MuVT has problems keeping particles within the boundaries of a given triclinic box #2235
Description
Description
I am currently working on a project, where I want to simulate a Monte Carlo simulation of molecules on the surface of a triclinic crystal. In a first step, simplified the system to cuboids as particles and a triclinic box to find out via a GCMC (using MuVT) how many particles fit into the box. However, the particles receive coordinates that are far outside the box (at least 61x outside of it). This causes visualization tools (like Fresnel) to depict a highly distorted box. Testing the same simulation but with a cubic box, everything works fine. But with triclinic, it doesn't see where the box starts and ends.
Below is a the essential block from my code.
Script
import hoomd
import gsd.hoomd
import numpy as np
Lx = 143
Ly = 143 * np.sin(np.pi * (60 / 180)) # Tilt angle: 60°; for cubic test: 90°
Lz = 50
xy = 143 * np.cos(np.pi * (60 / 180))
frame = gsd.hoomd.Frame()
frame.configuration.box = [Lx, Ly, Lz, xy, 0, 0]
frame.particles.types = ["A"]
frame.particles.N = 1
frame.particles.position = [[0, 0, 0]]
frame.particles.typeid = [0]
with gsd.hoomd.open(name="src/convexPolyhedrons_in_triclinicBox.gsd", mode="w") as f:
f.append(frame)
# Start building the simulation.
simulation = hoomd.Simulation(device=hoomd.device.CPU(), seed = 1)

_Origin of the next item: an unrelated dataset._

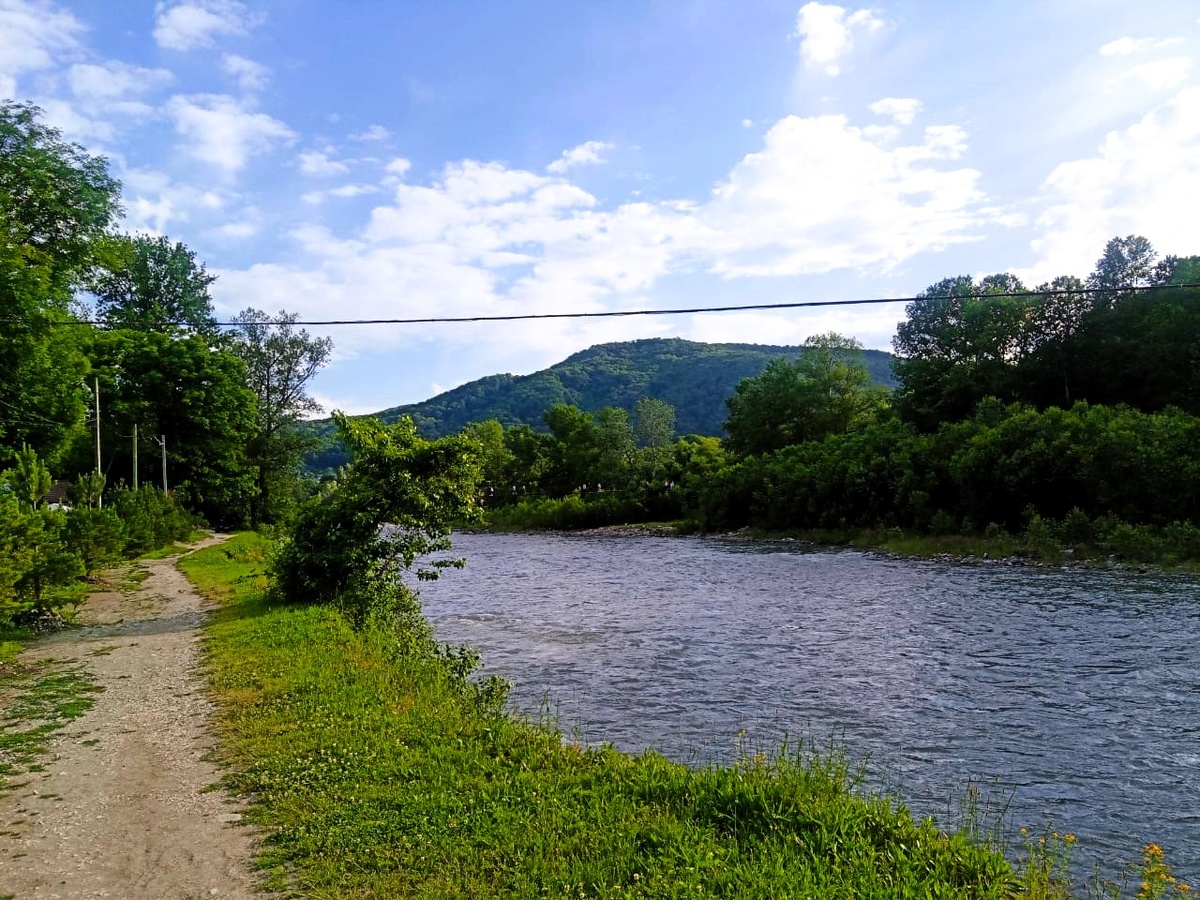 Река Белая — главная река Адыгеи, берёт начало возле гор Фишт и Оштен и впадает в Краснодарское водохранилище. В верхнем течении это типичная горная река, в нижней части она превращается в равнинную. В солнечную погоду вода в реке может быть бирюзовой, а в пасмурную — цвета зелёного бутылочного стекла. Тут через реку переброшен подвесной мост. Мост довольно сильно качается, когда на него заходят люди, поэтому я лично на него не пошел, со своими 140 кг. Людей ходят много. Жена сбегала, сфоткала. Улучила момент без людей. Тут на берегу реки находится довольно симпатичная база отдыха Бэлла. Вот такие домики, видели бассейн там, с людьми. Места очень живописные! Река, обрыв! Горы на заднем плане. Очень приятно было погулять вечером у реки...

simulation.create_state_from_gsd(filename="src/convexPolyhedrons_in_triclinicBox.gsd")
# Define ConvexPolyhedrons. Vertices list the coordinates of the corners of the Polyhedron.
mc = hoomd.hpmc.integrate.ConvexPolyhedron(default_d=0.1, default_a=0.1)
mc.shape["A"] = dict(
vertices=[
(+3.8, +3.45, +1.4),
(+3.8, +3.45, -1.4),
(+3.8, -3.45, +1.4),
(+3.8, -3.45, -1.4),
(-3.8, +3.45, +1.4),
(-3.8, +3.45, -1.4),
(-3.8, -3.45, +1.4),
(-3.8, -3.45, -1.4),
]
)
simulation.operations.integrator = mc
# Generate Hard Walls.
top = hoomd.wall.Plane(origin=(0,0,5), normal=(0,0,-1))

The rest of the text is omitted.